Friday, November 21, 2008

Angels and devils.



Apparently Haringey Children's Services find it incredibly difficult to attract social workers to its team. I wonder why. I'm guessing that this means that in order to tackle the monstrous workload which they have the caliber of staff which they do attract is not the highest. And those who are there are overworked. Government guidelines say that no social worker should have a caseload of more than twelve chidren to deal with, whereas the overstretched staff whom Haringey have managed to keep are coping with caseloads of between eighteen and twenty. After the recent storm of criticism it will be even more difficult for them to attract staff.

Perhaps when the enquiry looks at what went wrong, they might address the profile of social workers in this country. Damned if they do take children away and damned if they don't, they perform an intensely stressful and emotional function, and the only time anyone pays them any attention is when something goes horribly, tragically, appallingly wrong. Or when a woman goes to the press with a story about how mean, vindictive, heartless social workers have ripped her innocent child from her without any justification at all. And yet there must be stories where the intervention of a social worker has made infinite difference to the lives of children and families all over the country. Have you ever heard one? No, nor have I. A girl I teach wants to be a social worker. I had to suppress my look of astonishment and dread when she said this. A more distressing and thankless job it is difficult for me to imagine. I can only guess at the stress levels which must be endemic in the profession. From the recent coverage you'd think that the social worker had joined in the beatings.

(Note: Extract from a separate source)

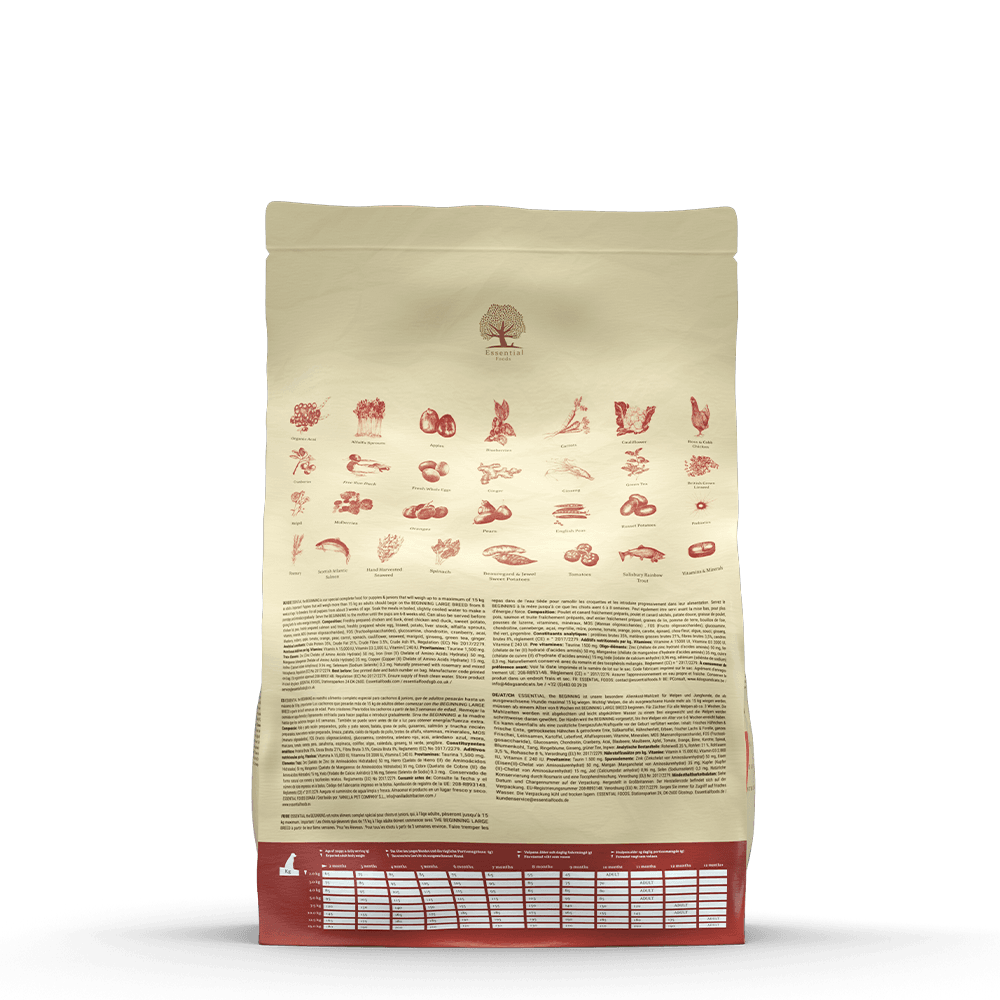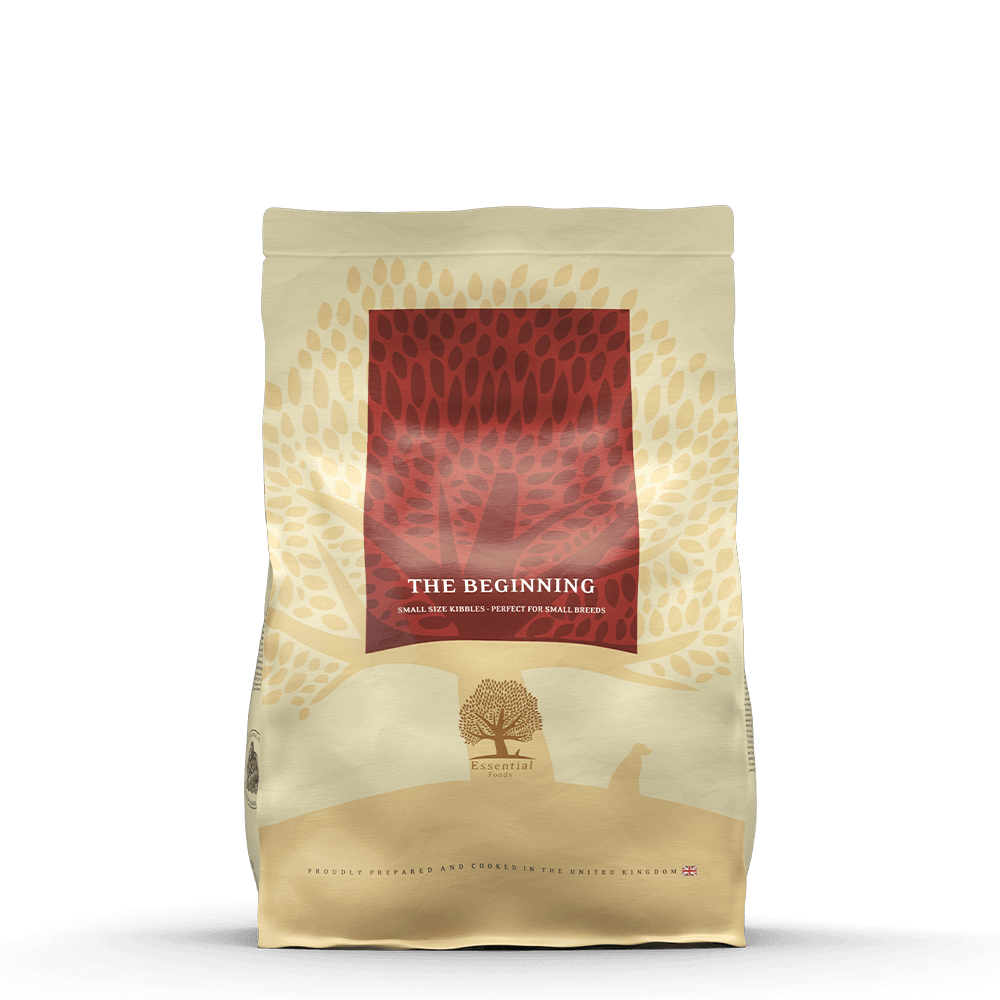 ESSENTIAL The BEGINNING este o hrană completă, fără cereale, special concepută pentru puii de câine care vor cântări până la 15 kg la maturitate. Este formulată cu ingrediente de cea mai bună calitate, precum: pui, rață, somon, păstrăv și ou – totul pentru a asigura o creștere sănătoasă și echilibrată.

Someone who knows what he's on about said something interesting to me yesterday when I talked about a case of two children , a fifteen and a sixteen year old, who had beaten a man to death. I made some disgusted comment about them and my friend pointed out that they had probably had a brutal life, one not a million miles from that of Baby P, only they survived. You don't come out of a loving, supportive happy home and get your thrills kicking the shit out of people.

And yet we look at pictures of angelic, tortured and murdered children on one side, and police mugshots of dead-faced, hate-filled teenage thugs on the other and never consider that there might be a relation between the two. Both are damaged; both probably have known much misery. The older ones are hardened. And maybe they are hardened because they are the children of brutalised or neglected children, who themselves were dragged up by inadequate parents of their own.

It's a tough one, but at some point society has to look beyond today's awful, awful headline and see what needs to change.

Without pointing fingers at scapegoats. I object to it because it doesn't help.